## What needs to be done
Please copy, exactly as written, the span from the first line below to the line that contains "二、2024年12月30-2025年1月3日大连各吨位、航线运价汇总图", including both, and skip the pictures.
(Dataset excerpt)
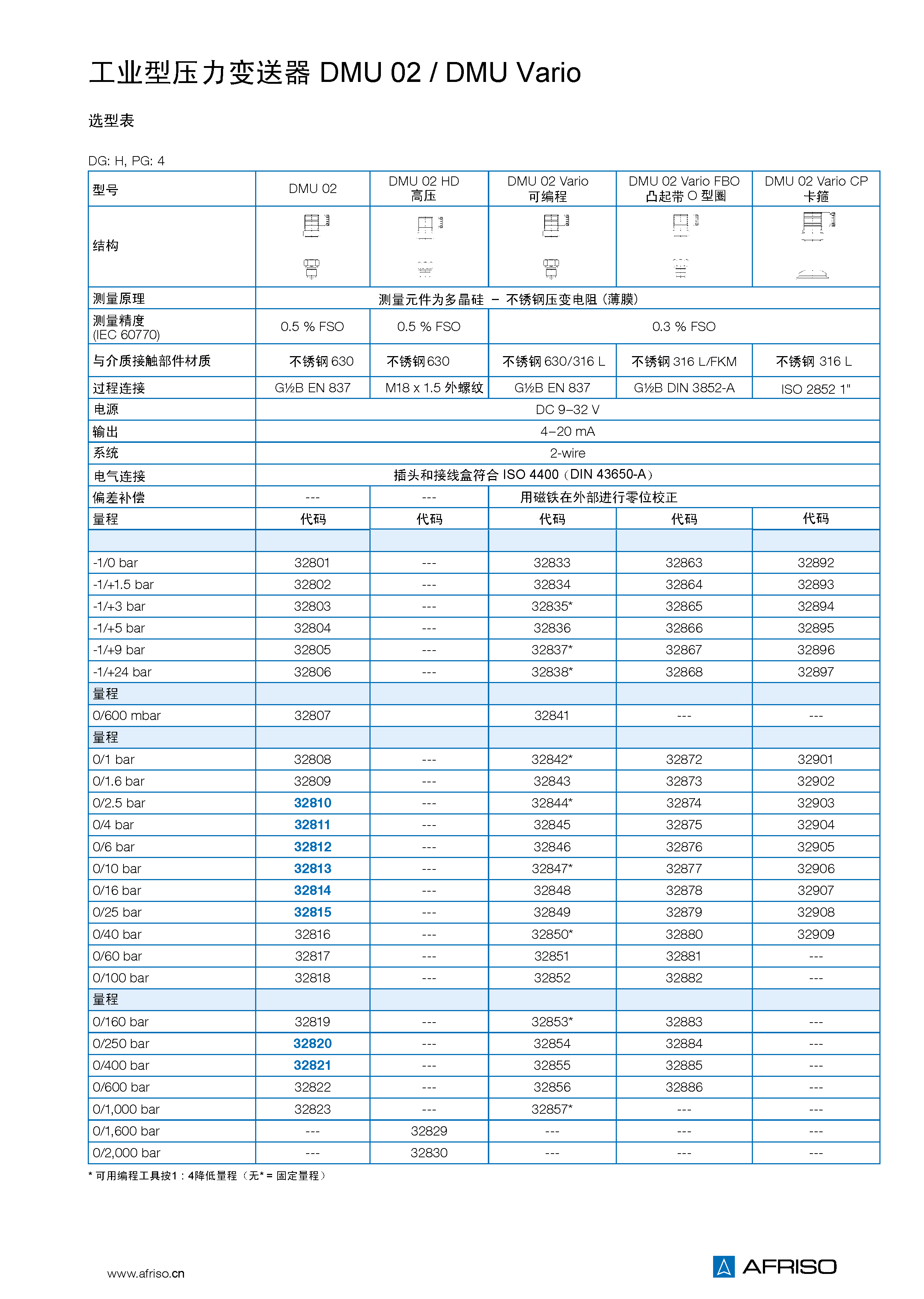 相對壓力: -0.1/0 MPa到-0.1/+2.4 MPa 0/0.1 MPa到 0/100 MPa |
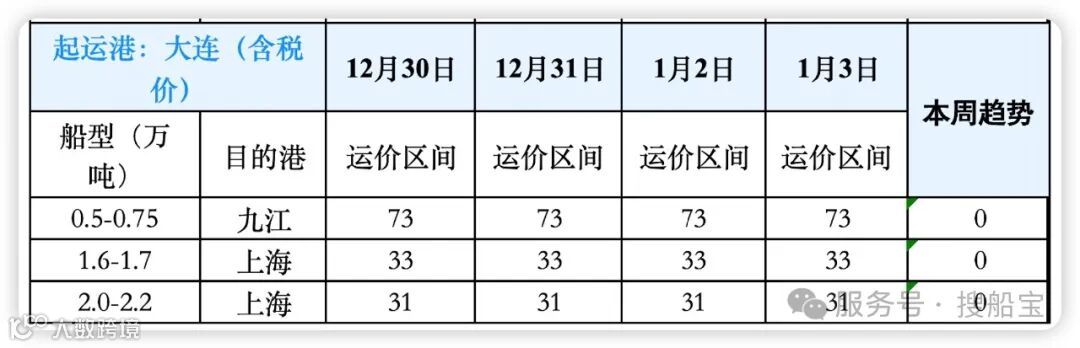 二、2024年12月30-2025年1月3日大连各吨位、航线运价汇总图
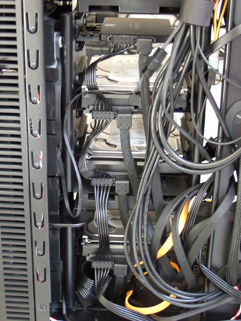 Die SATA- und Molex-Kabelstränge sind in flacher Ausführung. Man sieht direkt links bei den Festplatten, was dies für Vorteile hat. Statt wie beim Enermax mit zwei Kabelsträngen arbeiten zu müssen, weil dessen gesleevte Kabel so starr waren, kann ich nun mit einem einzigen flachen Kabelstrang alle vier Massenspeicher versorgen:
(End Dataset excerpt)
## Written response
 相對壓力: -0.1/0 MPa到-0.1/+2.4 MPa 0/0.1 MPa到 0/100 MPa |
 二、2024年12月30-2025年1月3日大连各吨位、航线运价汇总图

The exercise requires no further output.